Let’s explore this more deeply. I don’t want to call it your pitch, but you do need to be ready to say a few lines about your recent history that summarise your career to date and where you’re heading. If you’ve worked with me on a well written LinkedIn profile, this should come quite easily to you. Share some of your shorter term goals (e.g. researching trends in industry X,Y and Z) and then expand to some of your longer term career goals in terms of where you hope to be heading in the next 3-5 years. You may say something like:
It’s been a really interesting few years. I’ve been enjoying working on some key projects, which has encouraged me to explore a few different future opportunities. This is why I am researching the trends in (industry names) as a way to explore how my skills and experience can best be used to help (insert your focus).
Remind them again that this is what you’re really keen to talk to them about.
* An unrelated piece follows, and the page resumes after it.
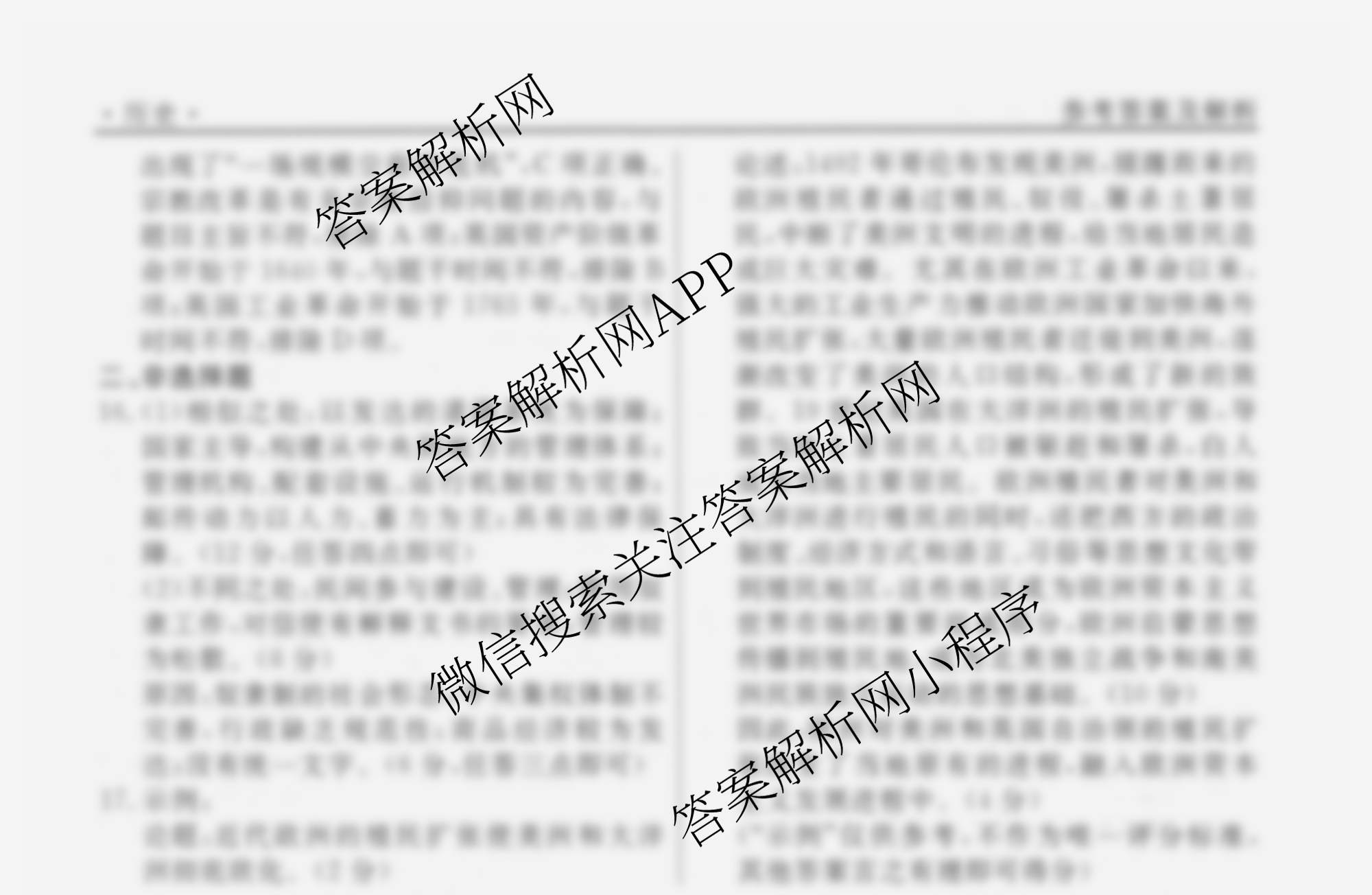 衡水名师卷2024-2025学年度高三一轮复习考点测试卷历史(40分钟空心菱形)(十八)18答案

Here are some questions you could ask.
What are the main changes happening in your industry at the moment?
How have these changes created opportunities or developments?
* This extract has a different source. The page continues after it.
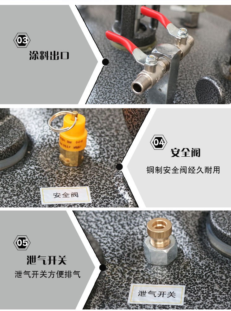 三豐壓力桶具有防腐蝕耐高壓特性。適用于油性涂料、脫模劑、膠水等其它常規液體輸送。
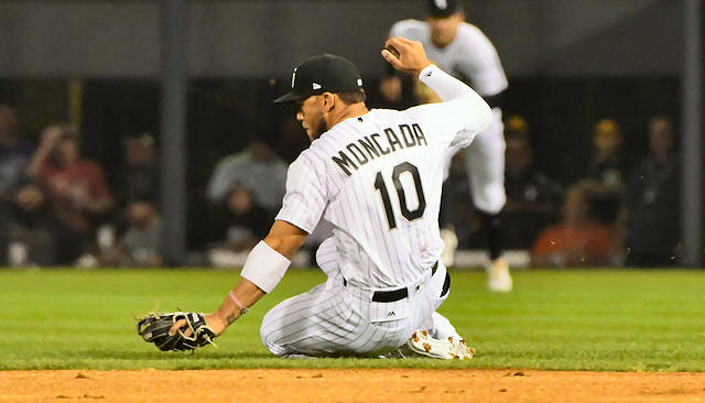 White Sox second baseman Yoan Moncada (10) stops a ball hit by

How do you see things playing out?
What are your/your organisations plans to effectively navigate this?
Hopefully seeing these questions helps you realise you’re really just having a conversation with an interesting person, asking a few open questions, encouraging them to share their invaluable knowledge and perspective, learning about what’s going on in their industry, including the trends. What is critical is that you mention during the conversation, almost as a side note, that you’re exploring potential opportunities that peak your interest to make a change or move in a certain direction, if the timing and opportunity feels right.
And that is the seed you are planting.
“Love that” was my client’s response to this philosophy for networking for job search and accessing the hidden job market.
This approach is subtle and it’s genuine. At the very least, you have a good chat with a colleague, learn a thing or two along the way and they don’t feeling like you’re asking them for work.
Step 6 – How to Network for Job Search (After the Chat)
What is likely to happen after the chat is that your contact will walk away from the conversation in a good headspace about you, because you got them talking about their view of current industry trends, thinking about where they are and and where they are heading. Genuine human connection is always good for the soul. They hopefully enjoyed the opportunity to reconnect with you and take some time out from their day for some deeper and reflective thinking and conversation.
And that is it! There’s no follow up, other than the book or podcast or film or vintage sneaker site you may have mentioned during the chat, that you’ve flicked to them via text or LinkedIn message. There’s no direct ask about helping you find a job.
Having spent time talking about their experiences and perspective and where they are at, what they’ll remember from this encounter with you is a rich deep conversation. And when someone says “Do you know anyone who you’d recommend for this role?” or “Is there anyone in your network who can help us manage this project for the next 12 months?”, you’ll be top of mind and likely to be recommended. That is of course, only if you’ve done the following:
- Clearly explained in that brief moment when they asked you “What are you up to?” or when you planted that side note seed, explaining the types of opportunities / roles you would consider when the time is right.
- Have a well written profile that accurately showcases your focus that he/she/they may revisit and forward to the person asking for the recommendation.
- Have the skills and experience to match the opportunities their network is looking for.
And this is how people at the C-suite level with executive experience looking for project or permanent work get jobs and board positions. They’re not necessarily advertised and, in my world, that’s what job search, or networking for job search looks like.